用于成像和非成像生物医学数据综合分类的多模态数据融合方案

MULTI-MODAL DATA FUSION SCHEMES FOR INTEGRATED CLASSIFICATION OF IMAGING AND NON-IMAGING BIOMEDICAL DATA.

作者信息

Tiwari Pallavi, Viswanath Satish, Lee George, Madabhushi Anant

机构信息

Department of Biomedical Engineering, Rutgers University, NJ, USA.

出版信息

Proc IEEE Int Symp Biomed Imaging. 2011 Mar-Apr;2011:165-168. doi: 10.1109/ISBI.2011.5872379.
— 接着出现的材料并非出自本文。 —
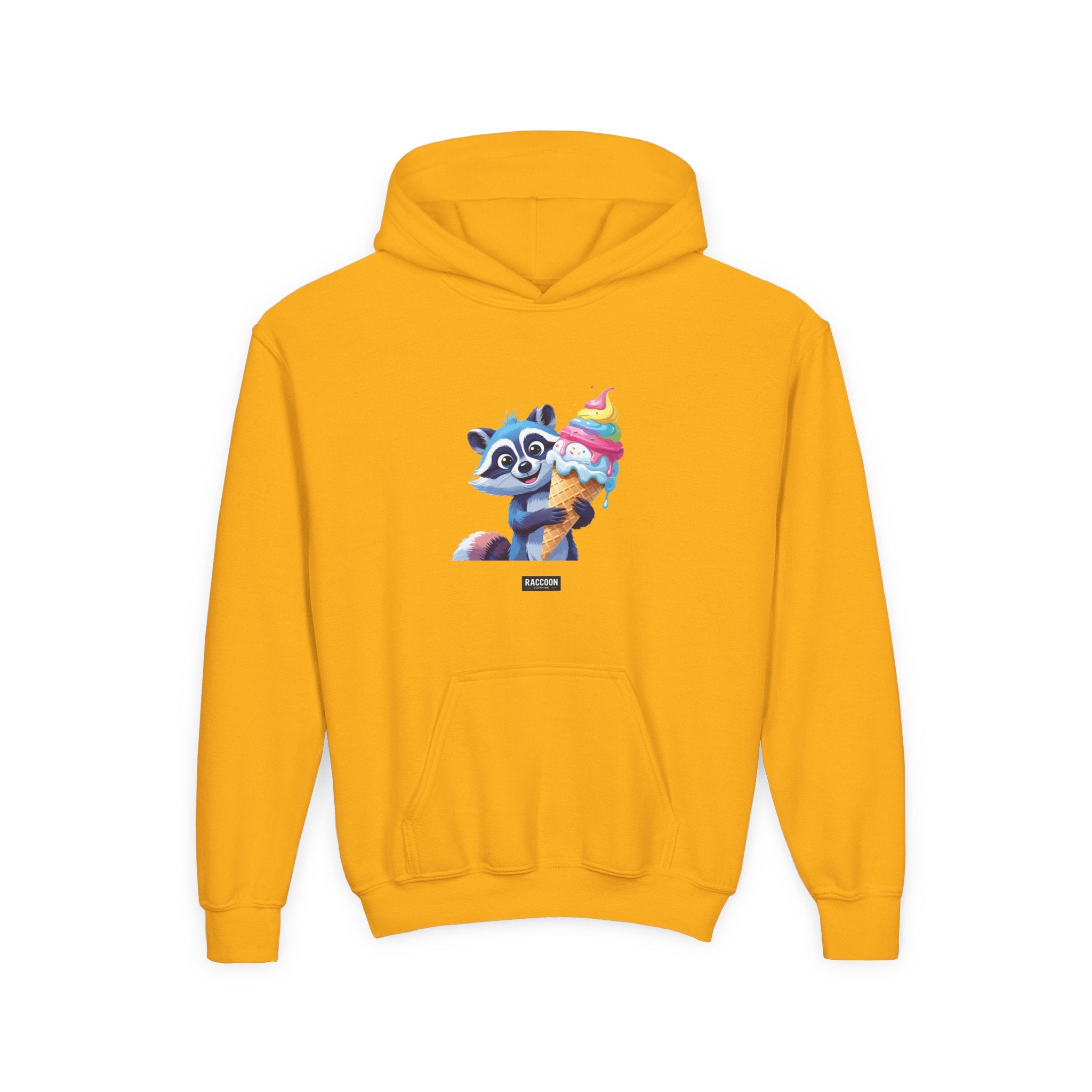 This delightful design features a bright-eyed raccoon hugging a towering rainbow ice cream cone—melting, drippy, and packed with pastel charm....
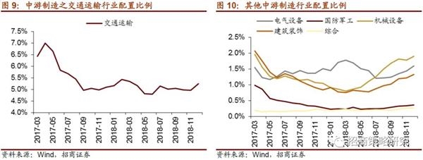 中游制造业中,各一级行业占比基本不同幅度提升。机械设备占比已连续9个月提升或持平,12月上升0.1%;占比最高的交通运输行业占比上升0.3%至5.2%,电气设备占比小幅上升0.2%至1.6%,建筑装饰占比小幅上升0.1%至1.3%,国防军工占比与前期持平。

DOI:10.1109/ISBI.2011.5872379

PMID:25705325

原文链接:https://pmc.ncbi.nlm.nih.gov/articles/PMC4335721/

Abstract

With a wide array of multi-modal, multi-protocol, and multi-scale biomedical data available for disease diagnosis and prognosis, there is a need for quantitative tools to combine such varied channels of information, especially imaging and non-imaging data (e.g. spectroscopy, proteomics). The major problem in such quantitative data integration lies in reconciling the large spread in the range of dimensionalities and scales across the different modalities. The primary goal of quantitative data integration is to build combined meta-classifiers; however these efforts are thwarted by challenges in (1) homogeneous representation of the data channels, (2) fusing the attributes to construct an integrated feature vector, and (3) the choice of learning strategy for training the integrated classifier. In this paper, we seek to (a) define the characteristics that guide the 4 independent methods for quantitative data fusion that use the idea of a meta-space for building integrated multi-modal, multi-scale meta-classifiers, and (b) attempt to understand the key components which allowed each method to succeed. These methods include (1) Generalized Embedding Concatenation (GEC), (2) Consensus Embedding (CE), (3) Semi-Supervised Multi-Kernel Graph Embedding (SeSMiK), and (4) Boosted Embedding Combination (BEC). In order to evaluate the optimal scheme for fusing imaging and non-imaging data, we compared these 4 schemes for the problems of combining (a) multi-parametric MRI with spectroscopy for prostate cancer (CaP) diagnosis , and (b) histological image with proteomic signatures (obtained via mass spectrometry) for predicting prognosis in CaP patients. The kernel combination approach (SeSMiK) marginally outperformed the embedding combination schemes. Additionally, intelligent weighting of the data channels (based on their relative importance) appeared to outperform unweighted strategies. All 4 strategies easily outperformed a naïve decision fusion approach, suggesting that data integration methods will play an important role in the rapidly emerging field of integrated diagnostics and personalized healthcare.

摘要

随着可用于疾病诊断和预后的多模态、多协议和多尺度生物医学数据种类繁多，需要定量工具来整合这些多样的信息渠道，尤其是成像和非成像数据（如光谱学、蛋白质组学）。这种定量数据整合的主要问题在于协调不同模态之间维度和尺度范围的巨大差异。定量数据整合的主要目标是构建组合元分类器；然而，这些努力受到以下挑战的阻碍：（1）数据通道的均匀表示，（2）融合属性以构建综合特征向量，以及（3）选择用于训练综合分类器的学习策略。在本文中，我们试图（a）定义指导使用元空间概念构建综合多模态、多尺度元分类器的4种独立定量数据融合方法的特征，以及（b）尝试理解使每种方法成功的关键组件。这些方法包括（1）广义嵌入连接（GEC）、（2）共识嵌入（CE）、（3）半监督多核图嵌入（SeSMiK）和（4）增强嵌入组合（BEC）。为了评估融合成像和非成像数据的最佳方案，我们针对以下问题比较了这4种方案：（a）将多参数MRI与光谱学结合用于前列腺癌（CaP）诊断，以及（b）将组织学图像与蛋白质组学特征（通过质谱获得）结合用于预测CaP患者的预后。核组合方法（SeSMiK）略优于嵌入组合方案。此外，基于数据通道相对重要性的智能加权似乎优于未加权策略。所有4种策略都轻松优于简单的决策融合方法，这表明数据整合方法将在快速兴起的综合诊断和个性化医疗领域发挥重要作用。